Stellantis : Quand l’Allemagne perd des ingénieurs, mais pas des promesses

Stellantis supprime 650 postes d’ingénieurs chez Opel en Allemagne tout en embauchant à tour de bras aux États-Unis. Une stratégie qui fait sourire, mais pas les travailleurs allemands.

Le groupe Stellantis, ce géant automobile qui jongle entre promesses et réalités, a récemment annoncé la suppression de 650 postes d’ingénieurs à Rüsselsheim, en Allemagne. Oui, vous avez bien entendu, alors que l’on parle de « renforcer la compétitivité de l’Allemagne », il semble que la recette passe par une cure d’amaigrissement. Mais ne vous inquiétez pas, environ 1 000 ingénieurs resteront pour s’assurer que le Tech Center ne se transforme pas en musée.

Ce qui se passe réellement

Le groupe italo-franco-américain a justifié cette restructuration en affirmant qu’elle vise à « renforcer la compétitivité de l’Allemagne ». En d’autres termes, moins de postes en Allemagne, mais plus d’embauches aux États-Unis et en France. En effet, Stellantis a récemment annoncé l’embauche de 2 000 ingénieurs aux États-Unis et de 700 en France. Une belle manière de dire que la compétitivité se trouve ailleurs, n’est-ce pas ?

Pourquoi cela dérange

Cette décision soulève des questions sur la cohérence des discours politiques. Comment peut-on prétendre vouloir renforcer l’industrie allemande tout en réduisant le nombre de ses ingénieurs ? C’est un peu comme dire qu’on veut perdre du poids tout en se gavant de chocolat. Un paradoxe que même les plus grands philosophes auraient du mal à expliquer.

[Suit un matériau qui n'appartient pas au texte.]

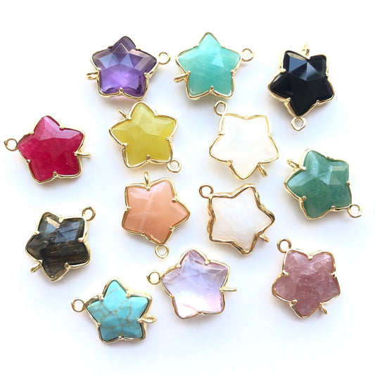 5pcs/Lot Gold Plated Bezel Natural Amethyst Labradorite Black Onyx Red Agate Faceted Star Connectors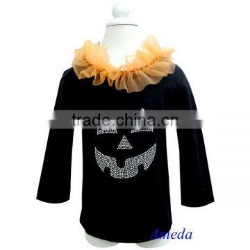 Halloween Pumpkin Face Rhinestone Orange Chiffon Ruffles Black Long Sleeves Top 1-7Y

Ce que cela implique concrètement

La réalité est que cette restructuration pourrait avoir des conséquences désastreuses pour l’industrie automobile allemande. La perte de ces postes ne signifie pas seulement des chômeurs de plus, mais aussi un affaiblissement de l’innovation et de la recherche dans un secteur déjà en proie à des défis majeurs. Qui va développer les voitures de demain si les cerveaux s’envolent vers d’autres cieux ?

Lecture satirique

La promesse de « renforcer la compétitivité » est un bel exemple de double discours. Pendant que Stellantis coupe des postes en Allemagne, les dirigeants se frottent les mains en embauchant à l’étranger, comme si la solution à tous les problèmes était de déplacer les chaises sur le Titanic. On pourrait presque croire qu’ils préparent une nouvelle version du célèbre jeu « Où est Charlie ? », mais cette fois-ci, c’est « Où sont les ingénieurs ? »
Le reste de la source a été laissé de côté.